"If you want a flat memory space you have to guarantee an access to any memory address in less than X cycles otherwise you have a NUMA architecture[1]"
There is nothing wrong with NUMA (well, ccNUMA, but today that's a given). Even a simple modern two socket server is a NUMA machine.
Anyways, as I've commented elsewhere, I'm not arguing that shared memory is practical today on a large HPC cluser.
> Anyways, as I've commented elsewhere, I'm not arguing that shared memory is practical today on a large HPC cluser.
I think the point that was being made was that it'll never be practical purely for physical reasons. Any physical separation means that light takes a certain amount of time to travel and no known law of physics will let you circumvent that... A distance of a foot will always incur a latency of ~1ns (at best), so our models must account for latency. (At some point -- it's not obvious that we've reached the end of how compact a computer can be, but there is a limit where you just end up with a tiny black hole instead of computer.)

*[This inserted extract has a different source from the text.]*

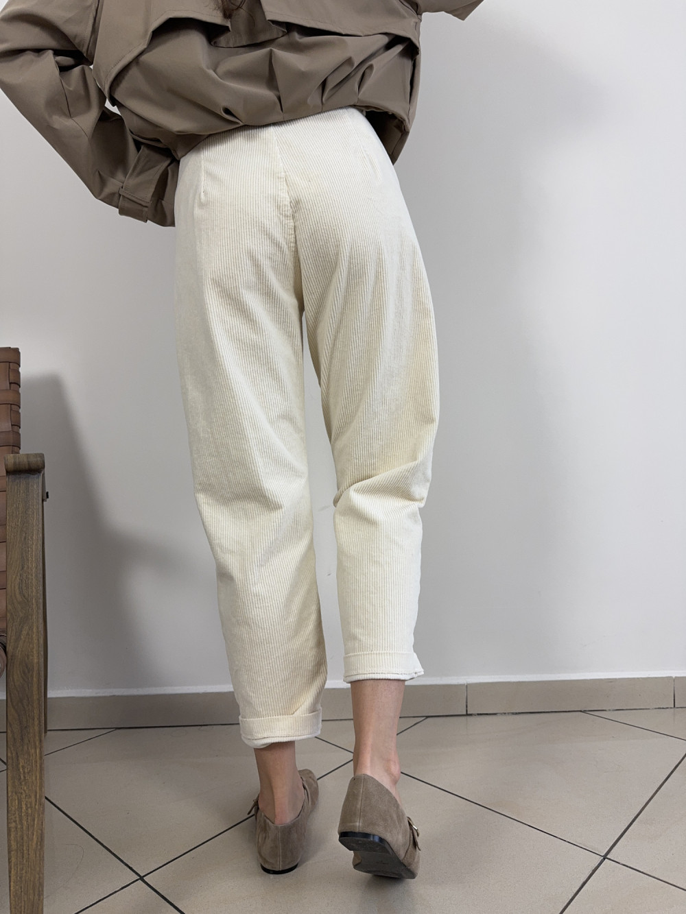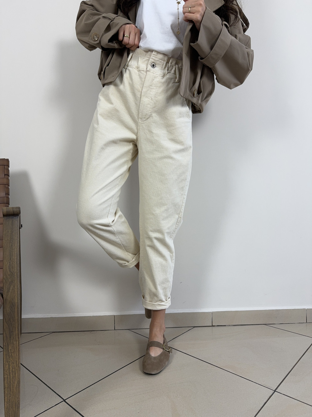 Spodnie beżowe sztruksy z gumką w pasie MARGO

I don't get it, our models have been accounting for latency for the last 30 years at least. We routinely use three level of caches and higly out of order memory accesses for trying to make latency manageable.
Now it is possible that our best coherency protocols simply aren't effective at high latencies, but that doesn't mean we can't come up with something workable in the future. Is there any no-go theorem in the field?
There is nothing wrong with NUMA (well, ccNUMA, but today that's a given). Even a simple modern two socket server is a NUMA machine.
Anyways, as I've commented elsewhere, I'm not arguing that shared memory is practical today on a large HPC cluser.